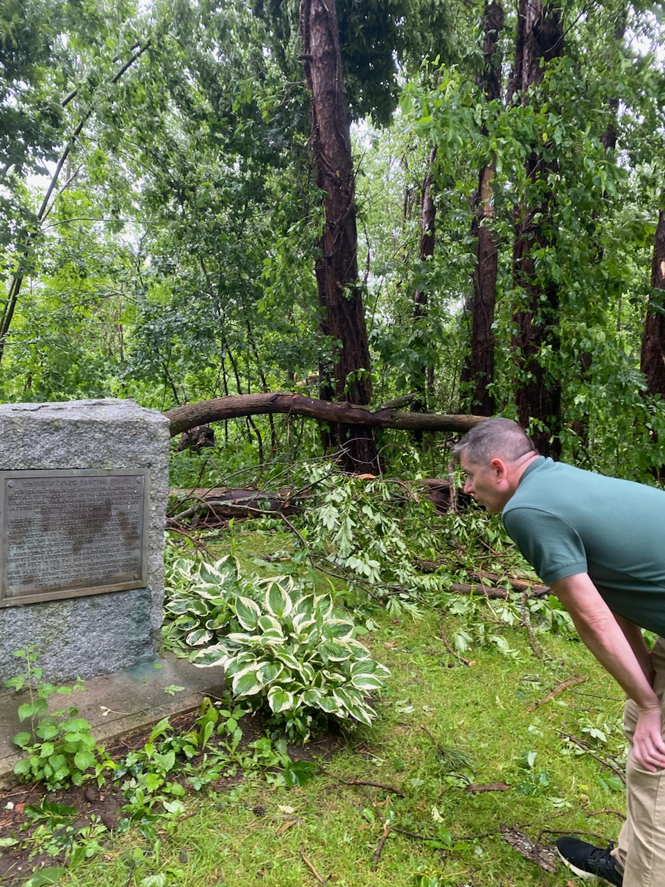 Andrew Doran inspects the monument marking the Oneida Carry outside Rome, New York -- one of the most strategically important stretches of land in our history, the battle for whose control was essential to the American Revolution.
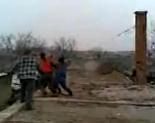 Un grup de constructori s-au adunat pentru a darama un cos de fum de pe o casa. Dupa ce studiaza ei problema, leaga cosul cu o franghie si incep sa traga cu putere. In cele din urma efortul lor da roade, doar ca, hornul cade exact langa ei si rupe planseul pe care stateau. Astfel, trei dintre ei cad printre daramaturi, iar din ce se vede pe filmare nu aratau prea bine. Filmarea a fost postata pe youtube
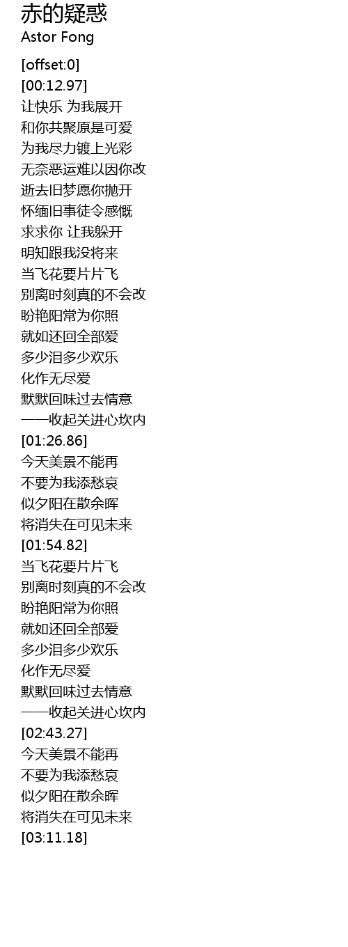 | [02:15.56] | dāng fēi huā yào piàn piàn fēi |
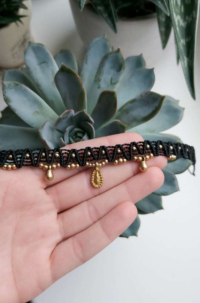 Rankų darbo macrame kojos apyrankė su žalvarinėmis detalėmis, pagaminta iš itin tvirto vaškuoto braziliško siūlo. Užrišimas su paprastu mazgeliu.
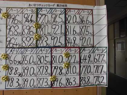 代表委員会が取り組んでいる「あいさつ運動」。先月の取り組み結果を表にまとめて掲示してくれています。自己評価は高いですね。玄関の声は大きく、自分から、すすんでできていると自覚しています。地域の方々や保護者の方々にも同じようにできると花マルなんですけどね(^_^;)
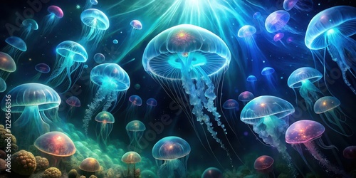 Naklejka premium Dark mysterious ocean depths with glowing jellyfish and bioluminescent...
==
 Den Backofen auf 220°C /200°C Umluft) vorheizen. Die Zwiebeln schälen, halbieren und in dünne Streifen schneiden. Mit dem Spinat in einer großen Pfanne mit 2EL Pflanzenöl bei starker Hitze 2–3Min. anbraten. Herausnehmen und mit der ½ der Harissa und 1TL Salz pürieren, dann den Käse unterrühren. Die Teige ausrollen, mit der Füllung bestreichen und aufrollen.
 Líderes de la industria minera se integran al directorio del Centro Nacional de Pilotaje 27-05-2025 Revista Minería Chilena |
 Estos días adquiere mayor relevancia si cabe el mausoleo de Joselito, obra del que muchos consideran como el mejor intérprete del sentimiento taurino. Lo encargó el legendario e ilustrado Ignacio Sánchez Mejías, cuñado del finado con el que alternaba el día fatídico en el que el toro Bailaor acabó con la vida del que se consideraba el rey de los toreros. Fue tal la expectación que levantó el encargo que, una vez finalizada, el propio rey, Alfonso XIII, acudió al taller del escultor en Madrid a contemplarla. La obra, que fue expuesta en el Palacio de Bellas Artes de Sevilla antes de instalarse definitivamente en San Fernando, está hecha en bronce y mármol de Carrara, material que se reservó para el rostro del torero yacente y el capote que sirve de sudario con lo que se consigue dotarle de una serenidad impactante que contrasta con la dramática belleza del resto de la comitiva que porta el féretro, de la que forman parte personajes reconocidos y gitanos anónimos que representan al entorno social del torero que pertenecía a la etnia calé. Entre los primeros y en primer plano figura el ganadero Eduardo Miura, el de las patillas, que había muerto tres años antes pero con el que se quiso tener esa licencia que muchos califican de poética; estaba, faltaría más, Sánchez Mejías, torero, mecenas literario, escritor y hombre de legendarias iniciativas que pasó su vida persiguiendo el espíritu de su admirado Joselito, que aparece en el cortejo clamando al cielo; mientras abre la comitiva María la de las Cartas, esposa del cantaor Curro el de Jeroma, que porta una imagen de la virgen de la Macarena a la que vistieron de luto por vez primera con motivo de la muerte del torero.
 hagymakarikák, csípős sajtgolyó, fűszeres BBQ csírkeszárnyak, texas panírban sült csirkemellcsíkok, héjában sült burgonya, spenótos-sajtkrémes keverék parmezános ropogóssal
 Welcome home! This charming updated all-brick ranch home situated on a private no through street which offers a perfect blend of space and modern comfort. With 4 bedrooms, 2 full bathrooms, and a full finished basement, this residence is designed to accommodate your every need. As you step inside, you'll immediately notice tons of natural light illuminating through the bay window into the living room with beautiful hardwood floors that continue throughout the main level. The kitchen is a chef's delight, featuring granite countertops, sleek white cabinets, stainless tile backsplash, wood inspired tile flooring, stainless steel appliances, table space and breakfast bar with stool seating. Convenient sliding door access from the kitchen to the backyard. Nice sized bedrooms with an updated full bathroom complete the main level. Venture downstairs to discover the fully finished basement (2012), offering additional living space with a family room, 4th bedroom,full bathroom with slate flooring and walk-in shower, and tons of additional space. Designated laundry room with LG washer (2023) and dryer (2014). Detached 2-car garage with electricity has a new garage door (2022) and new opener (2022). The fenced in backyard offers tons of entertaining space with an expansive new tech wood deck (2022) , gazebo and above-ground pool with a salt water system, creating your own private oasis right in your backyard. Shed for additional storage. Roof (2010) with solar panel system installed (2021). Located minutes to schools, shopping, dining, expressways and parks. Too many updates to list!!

**What needs to be done:**
Within the listing above, the stretch from the line with "Rankų darbo macrame" down to the line with "代表委員会が取り組んでいる「" is to be given again exactly, end lines included and pictures excluded.

**Finished exercise:**
 Rankų darbo macrame kojos apyrankė su žalvarinėmis detalėmis, pagaminta iš itin tvirto vaškuoto braziliško siūlo. Užrišimas su paprastu mazgeliu.
 代表委員会が取り組んでいる「あいさつ運動」。先月の取り組み結果を表にまとめて掲示してくれています。自己評価は高いですね。玄関の声は大きく、自分から、すすんでできていると自覚しています。地域の方々や保護者の方々にも同じようにできると花マルなんですけどね(^_^;)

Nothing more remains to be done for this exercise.